Palais Bayram, Tunis

The Place : Nuit orientale dans la médina. Il a fallu sept ans pour sauver de la ruine l’ancien palais du grand mufti. Dans un déluge de stucs et de faïences murales, un monument historique se trouve une nouvelle vocation d’accueil.

PAR RAFAEL PIC – PHOTOS VÉRONIQUE MATI

La médina se meurt, la plus belle médina du monde arabe !”, lance d’une voix tremblante Fathi Bouzouita. Mais ce jour-là, par un frais janvier tunisois, c’est aussi un message d’espoir que délivre l’ancien antiquaire de la rue Jacob à Paris, qui vendait ses foulards à François Mitterrand. Dans la salle voûtée aux piliers énormes qui fut autrefois le magasin du palais, et qui ressemble davantage à une crypte de cathédrale qu’à un entrepôt, c’est en effet un joyau du patrimoine tunisien qu’il inaugure… et que beaucoup avaient cru condamné à jamais.
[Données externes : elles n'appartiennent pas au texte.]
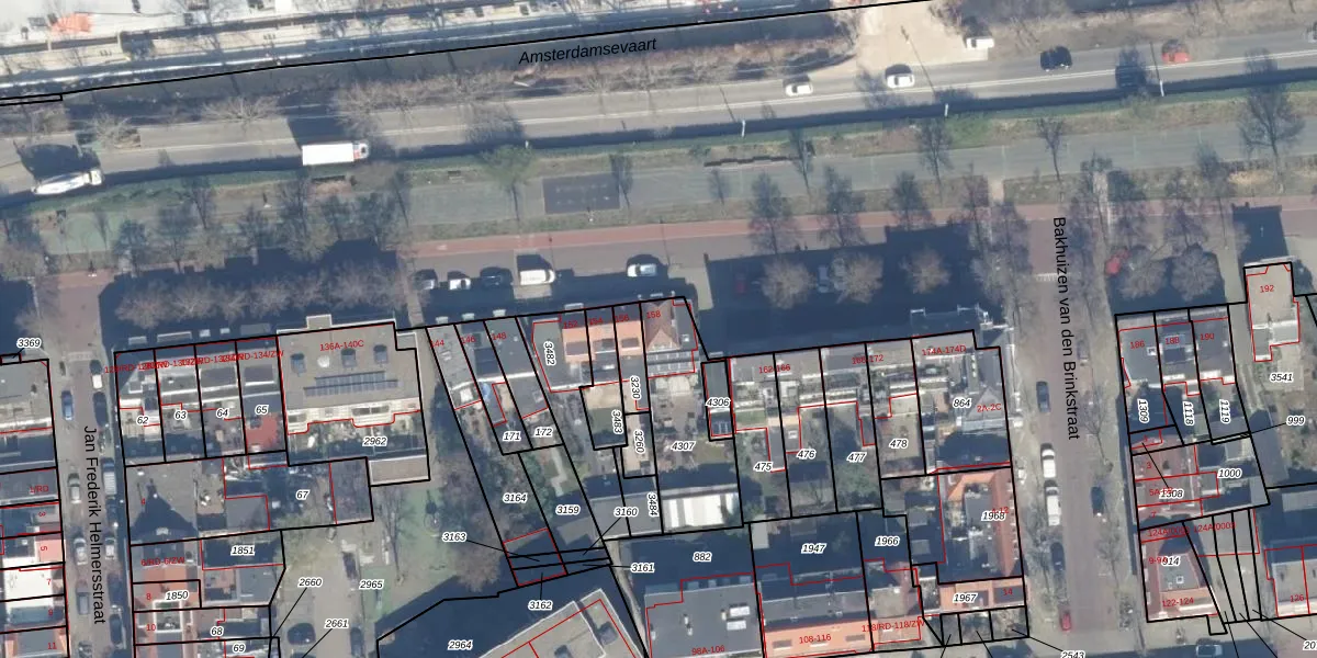 Het perceel waarop Amsterdamsevaart 158 staat heeft een oppervlakte van 341 m². Dit is een groot perceel. De perceeloppervlakte wordt geregistreerd door het Kadaster. Gedetailleerde informatie over de maten van dit perceel kunt u vinden in het rapport Kadastrale kaart met maatvoering van Amsterdamsevaart 158.
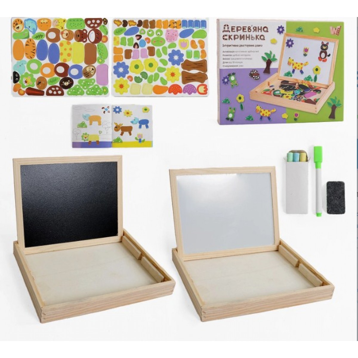 Магнитные элементы создают привлекательную цельную картину, достаточно лишь скомбинировать их. К набору прилагаются мел, маркер и губка для истирания.
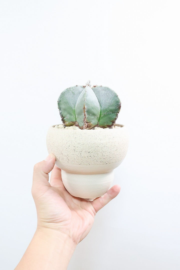 今回入荷のアストロフィツムは生長がかなりゆっくりで有名なサボテン。この大きさでもかなりの年月がかかっています。
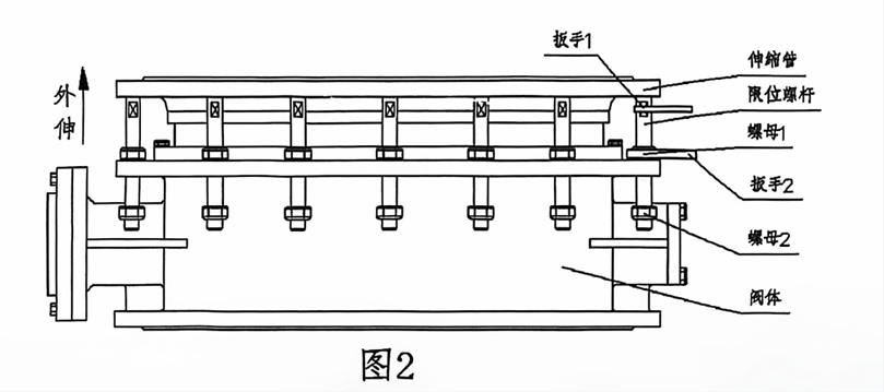 a.Use a wrench to secure the square head of the screw rod. Loosen Nut 1 and Nut 2. Adjust the length of the expansion butterfly structure according to on-site conditions. To extend the expansion tube: Secure the square head of the screw rod with a wrench, tighten Nut 1, and extend the expansion tube. See Figure 2. To retract the expansion tube: Secure the square head of the screw rod with a wrench and tighten Nut 2. This action retracts the expansion tube. See Figure 3. Then connect and secure the inspection door to the pipeline. However, the expansion tube must not exceed its rated expansion range (see nameplate).
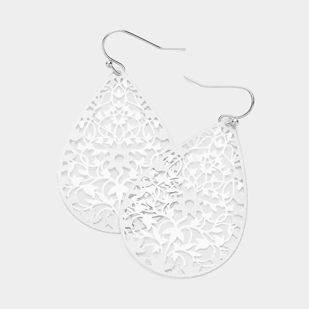 Enamel Point Metal Flower Open Teardrop Dangle Earrings
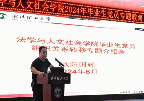 欧阳国辉老师针对学校党委组织部发布的《关于做好2024届毕业生党员教育及组织关系转接等工作的通知》作了专题介绍。他简要介绍了党组织关系转接的基本流程,对毕业生党员本校读研或工作、出国留学、组织关系需暂留学校、已签工作单位、未签工作单位等不同党组织关系转接情况作了详细讲解,对回执信、介绍信等规范、细节作了重点提醒。他谈道:毕业生党员们在党组关系转接过程中遇到任何问题要及时与组织沟通,草榴社区将尽心尽力解决同学们的问题。
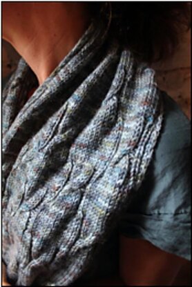Designing in a more vareigated colorway was a fun exercise, and Kim's yarn is just beautiful. I chose a simple undulating cable to show off the gorgeous variation in the subtle greens and blues for this one. Lots of stockinette and geometric, repeating lines.
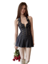 The back features a tasteful open-back design that introduces a light, breathable feel while highlighting the natural lines of the back. A delicate tie detail at the back further enhances the silhouette and adds an element of femininity.
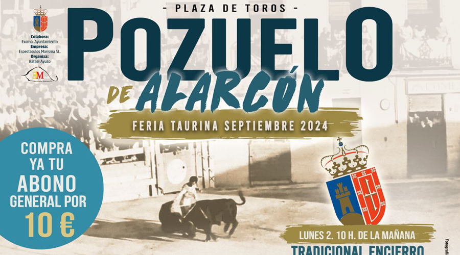 La venta de entradas y abonos (por 10 euros) estarán a la venta en las taquillas de la Plaza de Toros los días 31 de agosto y 1, 2, 6 y 7 de septiembre de 11 a 14 horas y de 16 a 20 horas. En venta on line también estará disponible a través de la web www.bacantix.com/Entradas/?id=plpozueloalarcon y por WhatsApp en el 614352912.
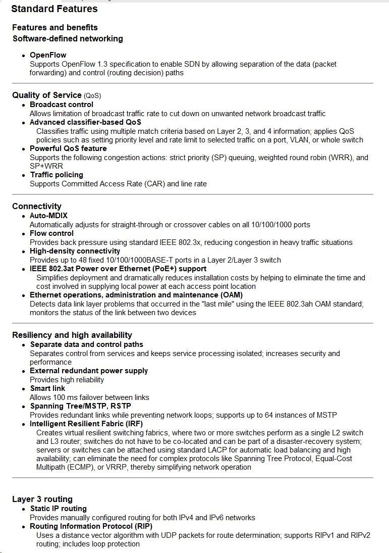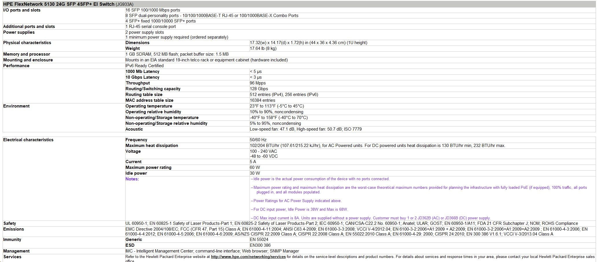 Popis HPE FlexNetwork 5130 24G SFP 4SFP+ EI Switch (Must select min 1 power supply) RENEW JG933AR

Une fois conclu le marathon juridique pour l’acquisition, l’essentiel restait à faire : restaurer le gros oeuvre et le décor tels qu’ils se présentaient en 1786. Une gageure tant les corps de métiers à solliciter étaient importants. “Maçons, carreleurs, tailleurs de pierre, sculpteurs sur bois, polisseurs, doreurs sur feuille, stucateurs, spécialistes des voûtes et coupoles…”, énumère Fathi Bouzouita sans prétendre à l’exhaustivité. C’est que le défi est multiforme : rehausser les pavements, renforcer les arcs et les linteaux, reprendre les parois en chaînages de brique plate et tubes de terre cuite, reposer les marbres polychromes et les boiseries. Sans compter la céramique murale… “Ce palais possède une extraordinaire collection de carreaux d’Iznik, sortis des fours des faïenciers ottomans deux siècles avant sa construction, explique Jean-Pierre Guinhut. Chacun a été nettoyé, restauré, repositionné, sans adjonction d’un seul élément moderne.” Dans la déréliction du début des années 2000, beaucoup s’étaient retrouvés chez des marchands peu scrupuleux : il fallut donc en racheter une partie sur le marché parallèle !

Aujourd’hui, la ruine n’en est plus une. Ses pièces ont été ressuscitées en suites au crépi jaune ou bleu nuit, aux lustres étincelants, aux plafonds à caissons, aux lits à baldaquin. Et sa gestion, signe des temps, est confiée à la société d’un jeune entrepreneur à succès, Abderraouf Tebourbi, cofondateur de l’Université internationale de Tunis et président de l’école Vatel locale. L’histoire peut donc reprendre : comme la parabole d’une Tunisie capable de se réinventer en des temps troublés…

Dar Bayram, construit à la veille de la Révolution française, fut la résidence de la plus haute autorité religieuse du pays, le grand mufti. Celui qui avait le pouvoir de décréter le début du ramadan et de prononcer des fatwas vit son pouvoir fortement rogné sous Bourguiba. Au début du XXIe siècle, son palais, d’une emprise de 3 500 m², au coeur d’une médina pourtant déclarée patrimoine universel par l’Unesco, n’est plus qu’une carcasse branlante… Vitres et volets brisés, planchers enfoncés, fontaines muettes, stucs en poussière. Des familles entières se partagent une simple pièce, entre chats et poules en liberté. “Il a fallu négocier avec dixneuf héritiers !”, explique Jean-Pierre Guinhut, propriétaire avec Fathi Bouzouita de cette propriété hors norme. Lui aussi a un parcours atypique : orientaliste, envoyé de la France à l’ONU au lendemain des attentats du World Trade Center, premier ambassadeur de France en Afghanistan en 2002 après 22 ans de rupture des relations diplomatiques, il s’est pris de passion pour cette vaste enfilade de cours et de salons somptueux.